You don't believe there are important, meaningful differences between the sexes that play out in society that are not all the result of the patriarchy, say.

Certainly, there are social influences, and that all matters, but there's this denial of real differences that we need to grapple with socially.

If you believe that all the differences are the result of society, then you're justified, potentially you're more justified in trying to create equal outcomes.

But if you deny biological differences, then you have more of a reason to do that.

But if you appreciate that they're real and that we have to grapple with them socially, then it's going to be more complicated. I completely agree.

I mean, I joke about this with my wife all the time, right? The reaction she has to a naturally aspirated V8 engine screaming at 10,000 RPM versus my reaction. So you go towards, she goes away.

I mean, like, it's the greatest sound I've ever heard. And she is like, what is that awful noise?

And there's no socialization that creates that that difference. On average, we can only talk in averages here.
Men are way more hardwired to love that sound. There are incredible.

Could you be interested in cars? Sure, sure. But there are incredible YouTube videos where you can literally listen to every engine.
Oh, and it's like ASMR for you? Yeah.

The V8 and V10 naturally aspirated engine screaming is the greatest sound. I don't know what naturally aspirated engine.
You don't have forced induction of air, so it revs very high.

Okay. But yes, like if I had my wife listen to that, first of all, she wouldn't hear the difference between any of them because she would think they all sound awful.
They're too loud.

And can we just remind your listeners that we are definitely not saying that there are no women interested in cars or that they are

very enthusiastic?

What we're talking about is differences on average, especially those, not with the cars, but a lot of what we've been talking about are differences on average that persist throughout history around the globe and that are shared with non-human animals and for which we have a mechanism which makes sense and that is differences in sex hormones.

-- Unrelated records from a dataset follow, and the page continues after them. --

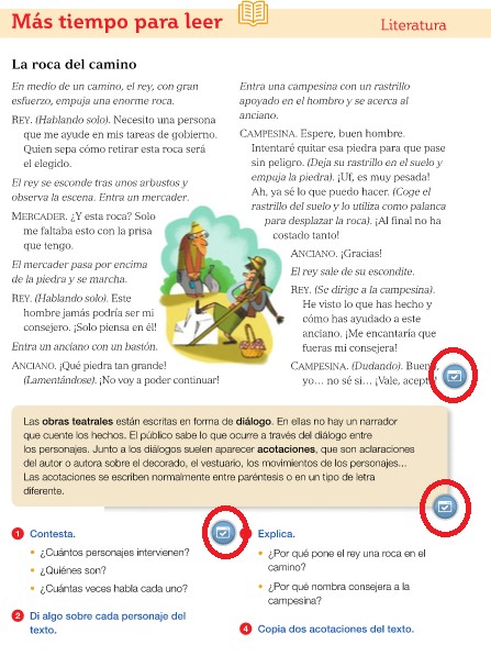 En cuanto a Lengua, comenzamos nuestra última semana de clase. ¿Qué debéis hacer esta última semana? Muy fácil. Tenéis que ir a la página 184 de vuestro libro y leer la lectura "La roca del camino", además del cuadro de teoría sobre las obras teatrales.
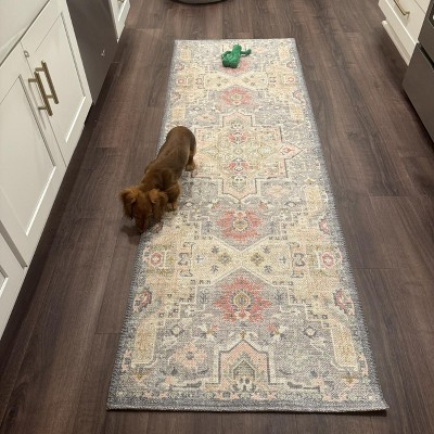 [This review was collected as part of a promotion.] I absolutely adore this rug. The colors are beautiful and it stands up to monthly washes with ease and no warping or fraying. We’ve had one in our kitchen for over a year with daily use and it’s held up great.
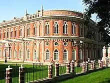 Le palais de Tsaritsyno est un palais situé au sud de Moscou dans le district de Tsaritsyno, commandé par Catherine II à l'architecte Vassili Bajenov en 1776. Resté inachevé, le palais est restauré à partir de 1984 et finalement terminé selon les plans initiaux. Il est inauguré officiellement en 2007. Il se trouve au milieu d'un grand parc de plus de 100 ha et abrite plusieurs musées et bâtiments.
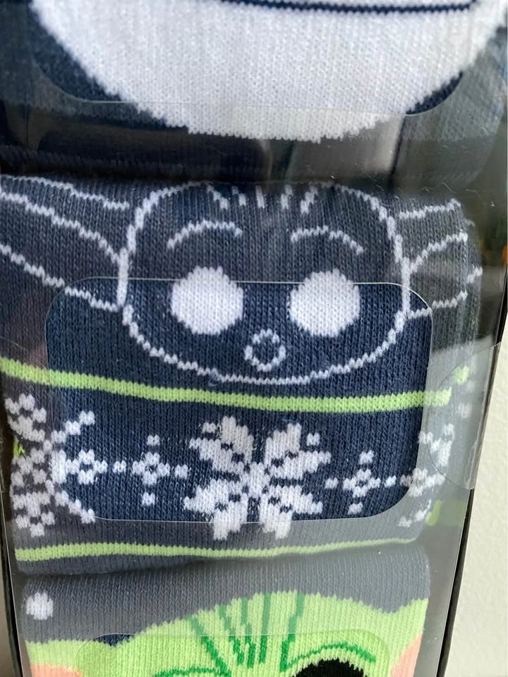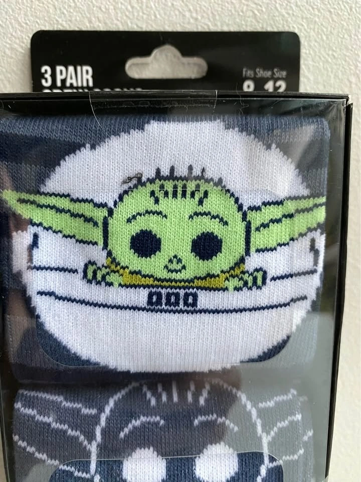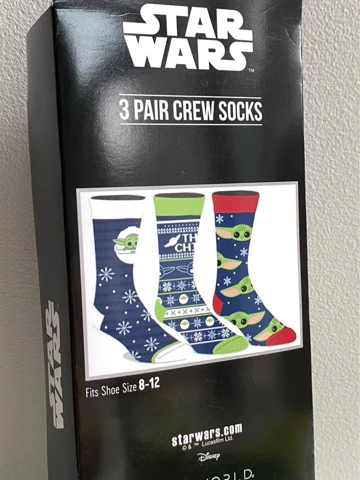 Brand new, last box! Includes three pairs of crew socks with Star Wars designs. Fits shoe size 8-12, unisex. Men's and Women's Fun Holiday T-shirt Designs also available. Search "T-shirt" in my listings. Star Wars socks, Baby Yoda Socks, The Child socks, Yoda Socks, Christmas socks, holiday socks, crew socks, unisex socks, Men’s socks, Women’s sock, holiday gift, stocking stuffer, novelty socks, festive socks.
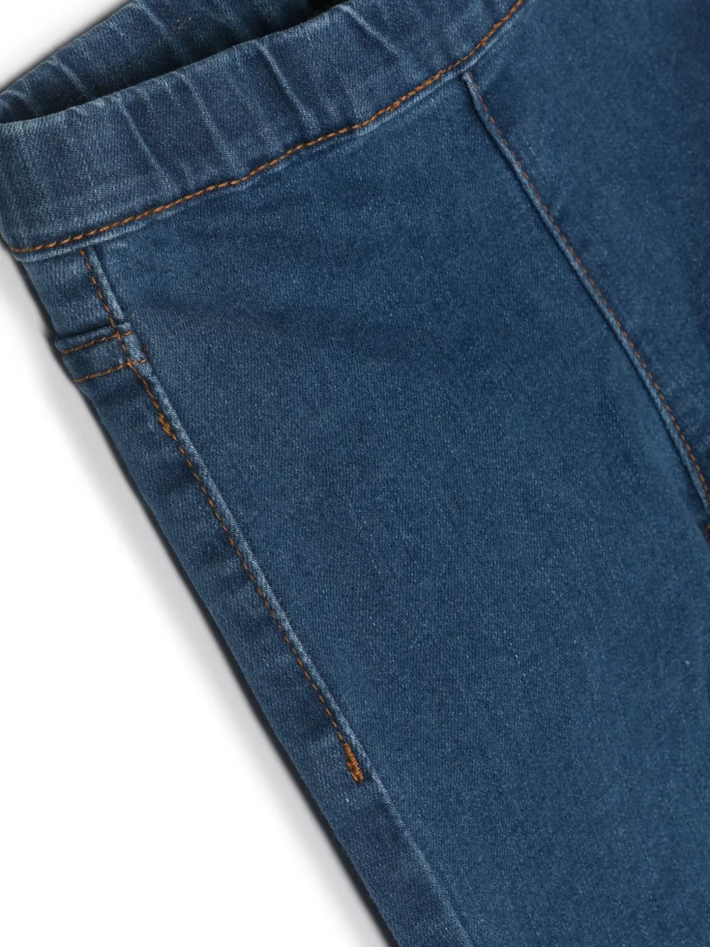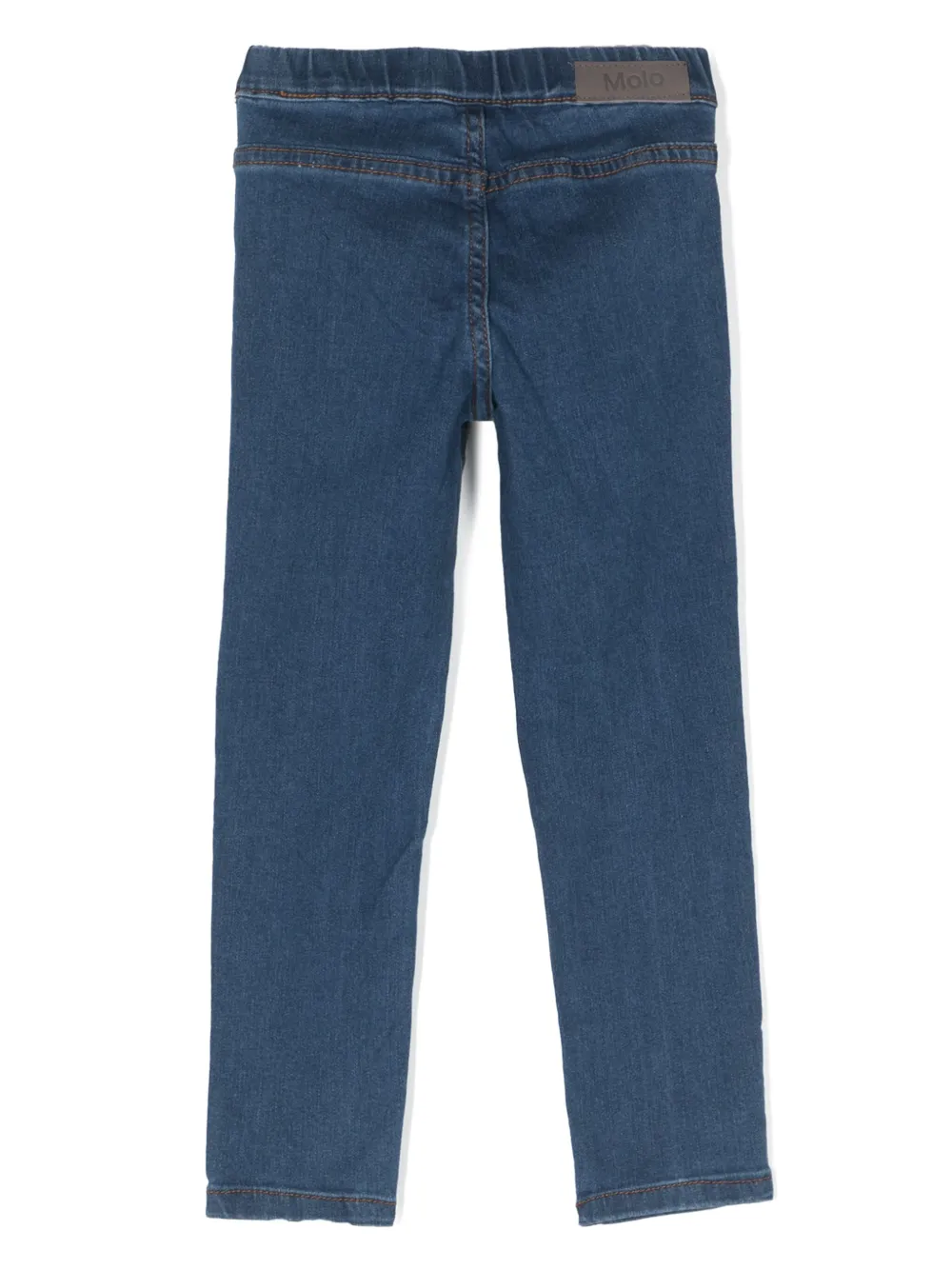 Индиго, смесовый хлопок, нашивка с логотипом сзади, эластичный пояс и узкий крой.

So how do you think as you write this book, you will be able to do the seemingly impossible task, which is to write about this in a manner that is scientifically objective without getting dragged into an ideologic political mud pit.

I think I did it with my last book. I pulled that off in the writing, in the book.
It was being in academia and talking about it in a way, just saying that male and female are real.

That was taken as undermining the rights of a certain group, essentially. And there's just nothing that you can do about that.

I think the way to respond is to encourage people to engage with arguments instead of assassinate character.

That's part of what is very important to me is encouraging that and teaching people how to do that. And that's what I did in my teaching in my classroom.
And it was great.

There was really never an issue in my own classes, even though we got into the most controversial subjects.

So I'll just keep trying to stick to the evidence and always remembering these are people's lives, you know, and being compassionate and emphasizing that biology is not destiny.

There's a huge amount of variation. And it's perfectly normal to be a little boy who wants to play with dolls.

Like that, it's even hard for me to talk about because it's heartbreaking that people feel stigmatized for not being sex typical.

But that's something where if you understand the science, you understand variation and you understand what is normal. And there's a spectrum, a huge spectrum of behavior across the sexes.

There's just only two sexes and we should learn to deal with that. kind of reality.

Well, Carol, really appreciate this discussion and appreciate without having experienced it personally, what you've been through, which I think is heartbreaking.

I know several others who I'm close to who have been similarly just decimated by

the mob, the angry mob.

So I think the good news is virtually all reasonable people can agree on a set of facts, but you can't please everybody and there's going to be certain individuals who are going to have their points of view.

Excited to hear you're working on another book. And excited that you've got more time at home to do so.
Thank you so much for having me. It was great.